Liver dumplings
A traditional taste of Bavaria where liver dumplings are a popular starter, served in good broth. Equally good with any vegetable puree (including sauerkraut, which makes a smooth and gentle puree with some crème fraiche added – sauerkraut is a very good source of vitamin C).
Ingredients
- 4 bread rolls, slightly stale (a day old), finely cubed
- 100 g beef liver, finely chopped
- 50 g lard, finely chopped
- 1 tbsp fresh (or dried) marjoram leaves
- 30 g butter (soft, at room temperature)
- 1 tbsp double cream
- 1 egg
- pinch of ground cloves, pinch of ground nutmeg
- salt, pepper
Method
- Mix finely chopped liver and lard, blend to a smooth consistency (you may need to pass the mixture through a fine-meshed sieve, with the back of a spoon), set aside.

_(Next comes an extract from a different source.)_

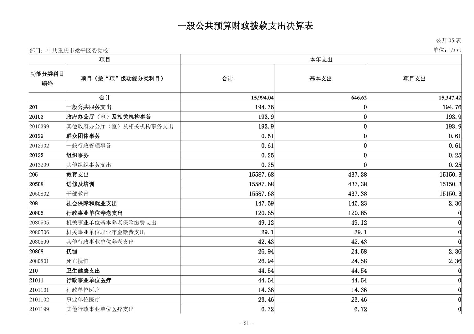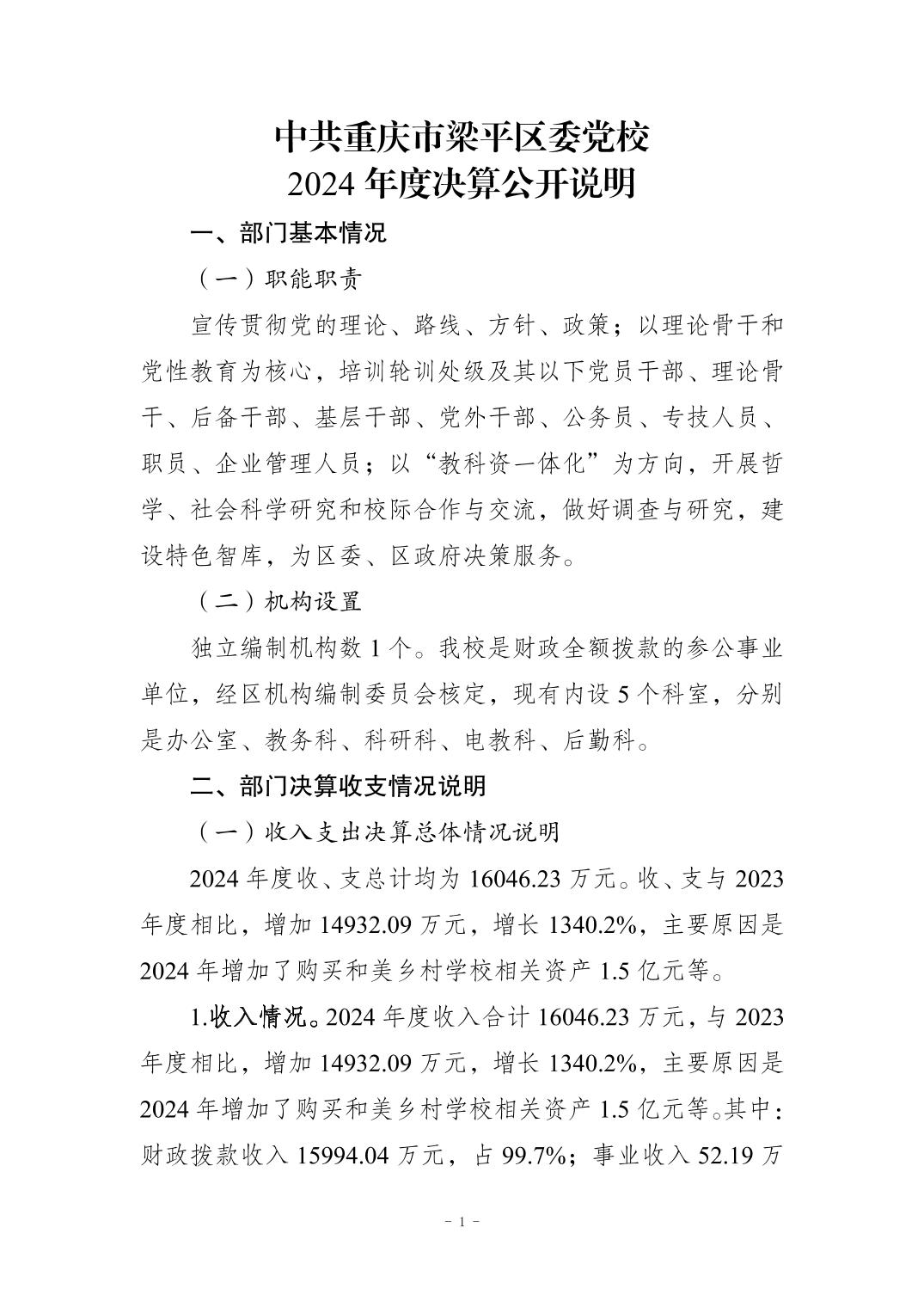 标题 | 中共重庆市梁平区委党校2024年度决算公开说明 |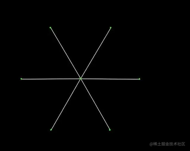 我们可以使用等分线绘制一个雪花图案,如图:

- In a bowl, whisk the soft butter until pale and fluffy, add cream and egg, mix well. Add the liver puree, marjoram, cloves, nutmeg. Mix well, season well. Add finely chopped bread rolls, knead mixture until everything is well combined. Cover and refrigerate for several hours.
- In a large saucepan, bring salted water to the boil. Form the liver mass into small round dumplings, lower dumplings into the boiling water, reduce heat slightly and cook for about 10 minutes, the dumplings rise to the surface when done. Remove from the cooking liquid with a slotted spoon and drain.